Anyway, the large media companies had decades of time to respond to the impending technological shift to the world of online, and they chose to believe that it was all just a “fad” that would “go away on its own”. As a result, they are basically paying the consequences of their actions and with link tax laws, they are basically trying to make it so that making millions is their right no matter what kind of poor decision making they would make.
What they should’ve done was, at minimum, adapt their coverage to be inclusive of all age groups instead of constantly chasing the attention of boomer generation audiences. Thanks to the constant coverage of things like “video games are the DEVIL!”, “Music is satanic!”, “Millennial have killed [insert literally any common thing here]”, and “social media is going to KILL you!”, media companies have been on a constant quest to alienate anyone who is younger than the boomer generation. Little wonder why those same audiences have increasingly tuned out of traditional media coverage over the years.
A second thing media companies could have done was offer services to better promote local small businesses. People could have used the local large media news site to look up what businesses are in town that offer, say, cake baking services, for instance. That way, the media companies could have really ingrained with the small business crowd and served the communities they operated in. At best, I’ve seen these companies offer simple advertising for those who had the cash to pay (which, in that model, could still be offered and businesses would have an incentive to use such services). Instead, many of these companies chose to chase the larger businesses and monopolies while leaving many of these small businesses behind.
Third, when social media was taking hold such as YouTube, media companies could’ve added on to their roster by, say, offering video streaming specific programs early on and establish a presence on such platforms. The media companies, instead, chose to either ignore those platforms entirely or, at best, post up recordings of their broadcast with little to no strategy on how to promote and grow that part of their business. The CBC has jumped onto this VERY late in the game and only started doing this recently, motivated by their lack of presence on Meta platforms.
Fourth (and this builds onto the third point), media companies could have also integrated premium content for anyone who wants to subscribe with their online presence by banding together and creating their own platform for video, audio, and written content. Offer a monthly fee to access all the content from the likes of CBC, CTV, Global, and others. The free component of establishing a presence on these other platforms that is specifically made for the platforms could very easily get audiences into consuming that content and pointing out this additional content on such a premium service. It’s somewhat similar to creators who use Patreon, but in a modified form.

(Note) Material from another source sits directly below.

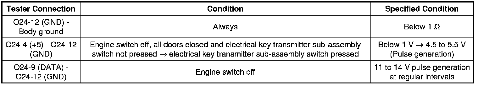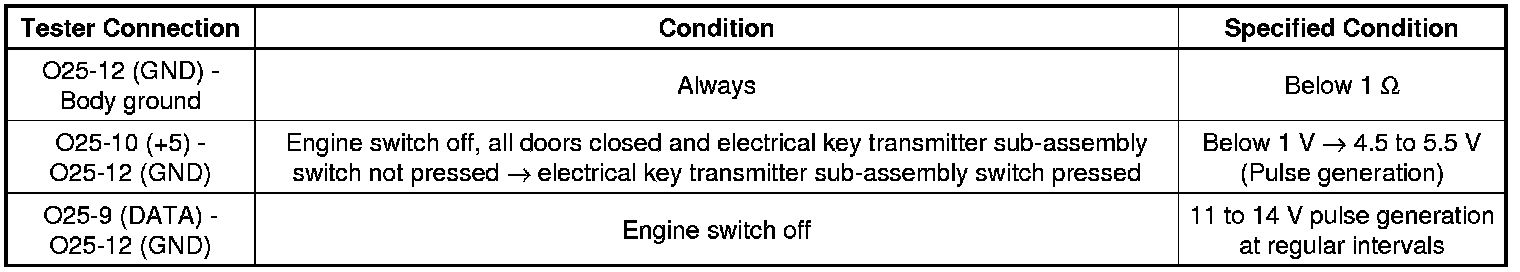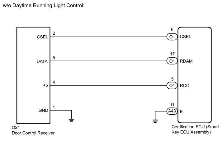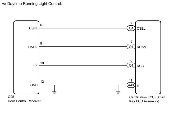 The door control receiver is used to receive radio waves relating to the entry functions of the electrical key transmitter sub-assembly. The certification ECU (smart key ECU assembly) decodes the requested electrical key transmitter sub-assembly by identifying a key code based on the radio waves received via the door control receiver. The door control receiver receives a signal from the electrical key transmitter sub-assembly and sends signals to the main body ECU (multiplex network body ECU) through the certification ECU (smart key ECU assembly). The certification ECU (smart key ECU assembly) then sends a command, according to the requested operation, to each ECU (ex. if door lock operation is requested, the certification ECU (smart key ECU assembly) sends a door lock command to the main body ECU (multiplex network body ECU)).
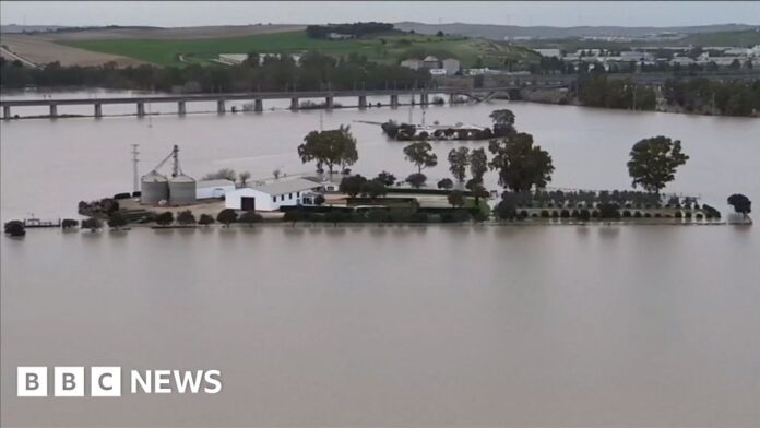 In Córdoba, drone footage showed flooded olive trees as Spanish farmers warned of the millions of euros worth of damage to crops following the torrential rains and high winds.

Playing along with the technological realities of the day would’ve saved the media companies a LOT of headache in the long run. Instead, they chose to view anything internet (apart from their own “app” or website) as an opponent that needs to be fought against. There may well be time for the media companies to finally get on board with the reality of the internet being a big part, but it’s going to take a lot to right that ship at this point – especially with the mess they created with the Online News Act. Unfortunately, all I see are executives who look at ideas like these and responding with “well, that would cost time and money and we have no interested in doing risky things like that.”